Exercise aim » Set the listing down again exactly, please, apart from its pictures.

Dataset content »
::::::
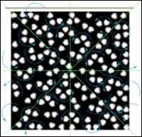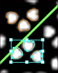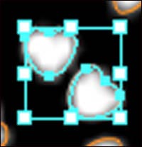 8. 整幅圖案的大部分結構是由三個小桃心的圖案組成,依上述方法復制出多個圖案,當鼠標指針變為旋轉指針時,旋轉圖形,放在素材圖中相應的位置上,將三個桃心一組的圖案全部繪畫完成。
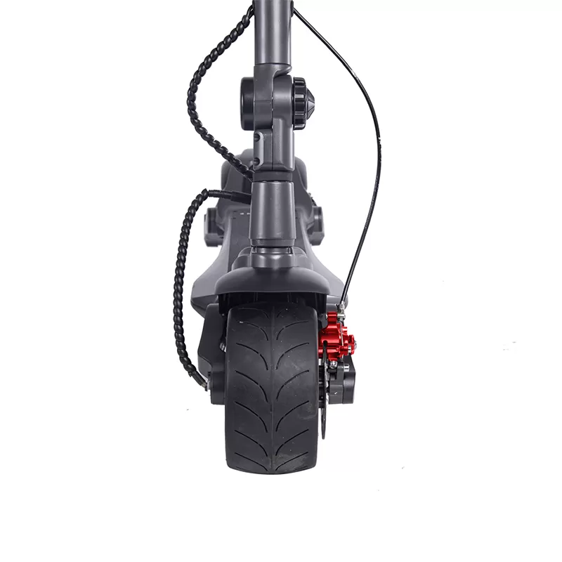 ✓ Bezpečnost O bezpečnost jezdce je postaráno mohutnými 120 mm širokými kotouči nově na obou kolech, které v součinnosti se širokými plášti dovolují extrémně krátkou brzdnou dráhu i pro jezdce kolem maximální doporučené hmotnosti 120 kg. Nechybí ani přední a zadní výkonné LED světla, to zadní funguje zároveň jako brzdové světlo.
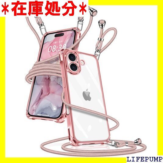 > iPhone 16 用 ケース クリア ショルダー i 落下防止 紛失防止 ワイヤレス充電対応 ローズゴールド 1889
::::::
Task output »
 8. 整幅圖案的大部分結構是由三個小桃心的圖案組成,依上述方法復制出多個圖案,當鼠標指針變為旋轉指針時,旋轉圖形,放在素材圖中相應的位置上,將三個桃心一組的圖案全部繪畫完成。
 ✓ Bezpečnost O bezpečnost jezdce je postaráno mohutnými 120 mm širokými kotouči nově na obou kolech, které v součinnosti se širokými plášti dovolují extrémně krátkou brzdnou dráhu i pro jezdce kolem maximální doporučené hmotnosti 120 kg. Nechybí ani přední a zadní výkonné LED světla, to zadní funguje zároveň jako brzdové světlo.
 > iPhone 16 用 ケース クリア ショルダー i 落下防止 紛失防止 ワイヤレス充電対応 ローズゴールド 1889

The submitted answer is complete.